古くなった借家の修繕の必要は?

Q 築60年以上の借家があります。住むに耐えない程破損しているので取り壊したいと思っていた所、借家人が土台や柱を取換えれば、まだ住む事ができるとして、修繕を要求して借家の受け渡しを拒んでいます。このような求めに応じる必要があるのでしょうか?

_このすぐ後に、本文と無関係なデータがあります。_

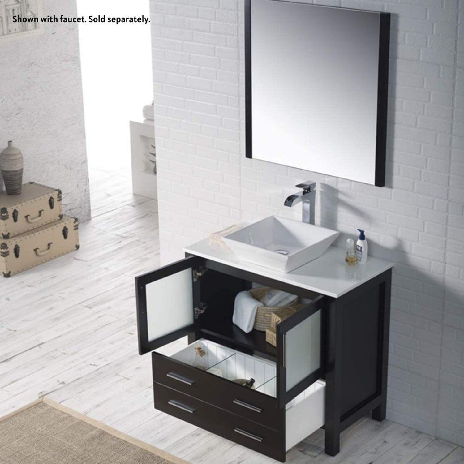 Blossom Sydney 30" Espresso Freestanding Vanity Set With Ceramic Vessel Single Sink and Mirror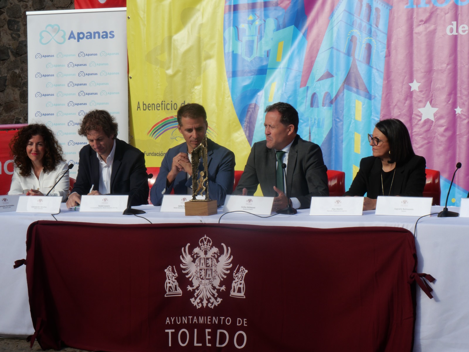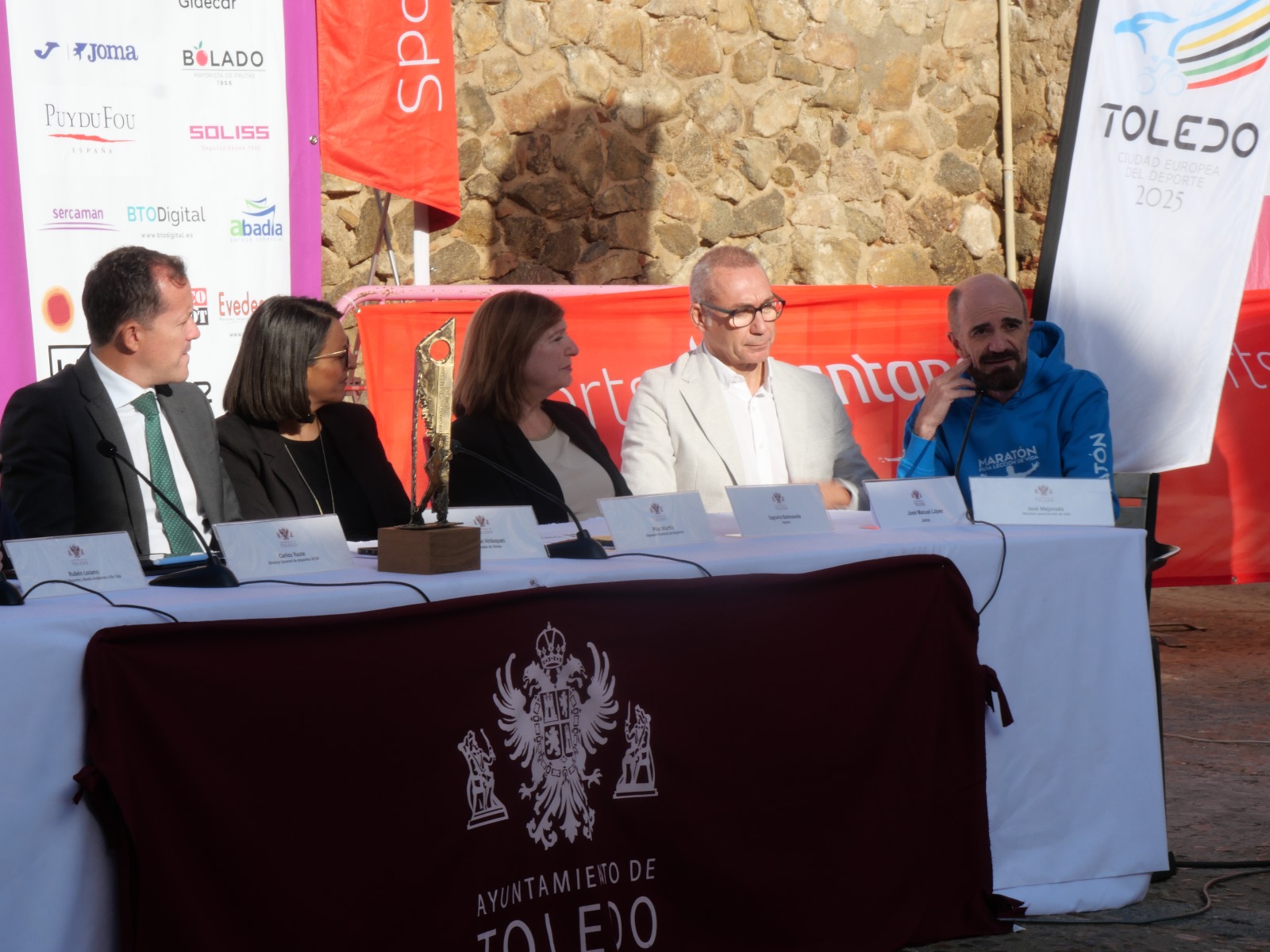 El concejal de Deportes, Rubén Lozano, ha acompañado al alcalde, Carlos Velázquez, en la presentación oficial del evento, realizada hoy en el Patio de Armas de la Puerta de Bisagra. También participaron representantes de la Diputación, del patrocinador Banco Santander y de la marca deportiva Joma.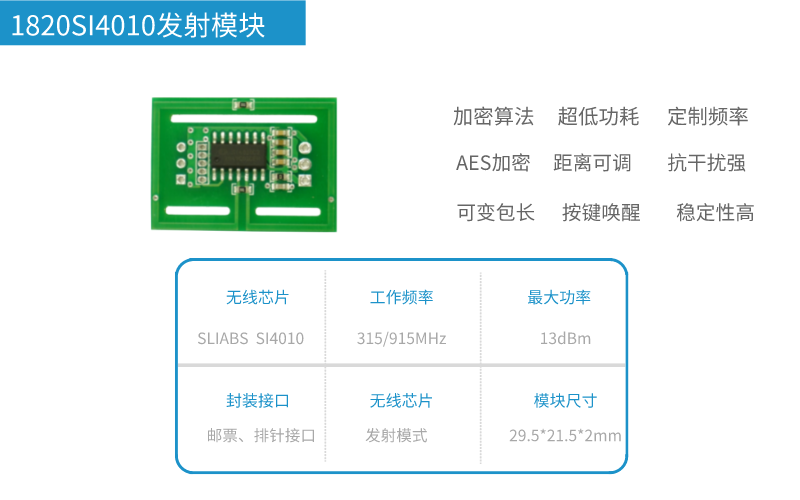 采用SKUABS的SI4010工業(yè)級(jí)無(wú)線芯片,出長(zhǎng)編碼,,42億地址碼,接收穩(wěn)定安全,抗干擾,防破解,AES加密,無(wú)線FSK可定制協(xié)議,功能,外形,距離更可達(dá)到200米以上,此模塊可加裝在充電槍內(nèi)

A 正当事由を主張して借家の明け渡しを認めてもらえる可能性があります。

 

借家が朽廃状態なら修繕の必要はない

 一般的に借家が朽廃した場合、借家契約は終了すると解されています。「朽廃」とは、借家が時の経過により、自然に建物としての経済的効果を失う事を言います。したがって、借家がすでに朽廃状態であれば、借家契約は終了している事になるので、借家を修繕する必要はなく、ただちに借家の明け渡しを要求する事ができます。
ただし、屋根や壁が腐り、雨露をしのぐ事さえできない状態とならない限り判例上は朽廃とは認定されない為、「住むに耐えない程破損している」というだけではなかなか認定して貰えないと思われます。それではまだ、朽廃状態ではなく、大修繕すれば借家の効用延長を図る事が可能なら、必ず借家人の修繕要求に応じる必要があるのでしょうか。
この点判断は破損の著しい借家において、借家契約が自然朽廃によって終了する以前に、家主に修繕義務があるとするのは不合理だと判断しています。したがって、ご質問のケースでも、家主には借家を修繕する義務はないと解される可能性が高いと言えます。

 

明け渡しが認められなかった判例もある

 

家主は修繕の義務はないとしても、借家が自然朽廃するまで明け渡しを求める事は出来ないのでしょうか?
借家借家法28条の「正当事由」に該当していれば、朽廃が迫っている借家を取り壊す事を理由として借家の明け渡し、つまり借家の解約が認められます。ご質問のように借家が相当老朽化しているなら、正当事由が認められる可能性が高いと言えます。しかし、借家人にとって借家を明け渡す事は重大な影響を与える為、借家人の生活状態を考慮して正当事由を否定した判例もあります。このように老朽化が進行していれば必ず正当事由が認められるわけではありませんのでご注意ください。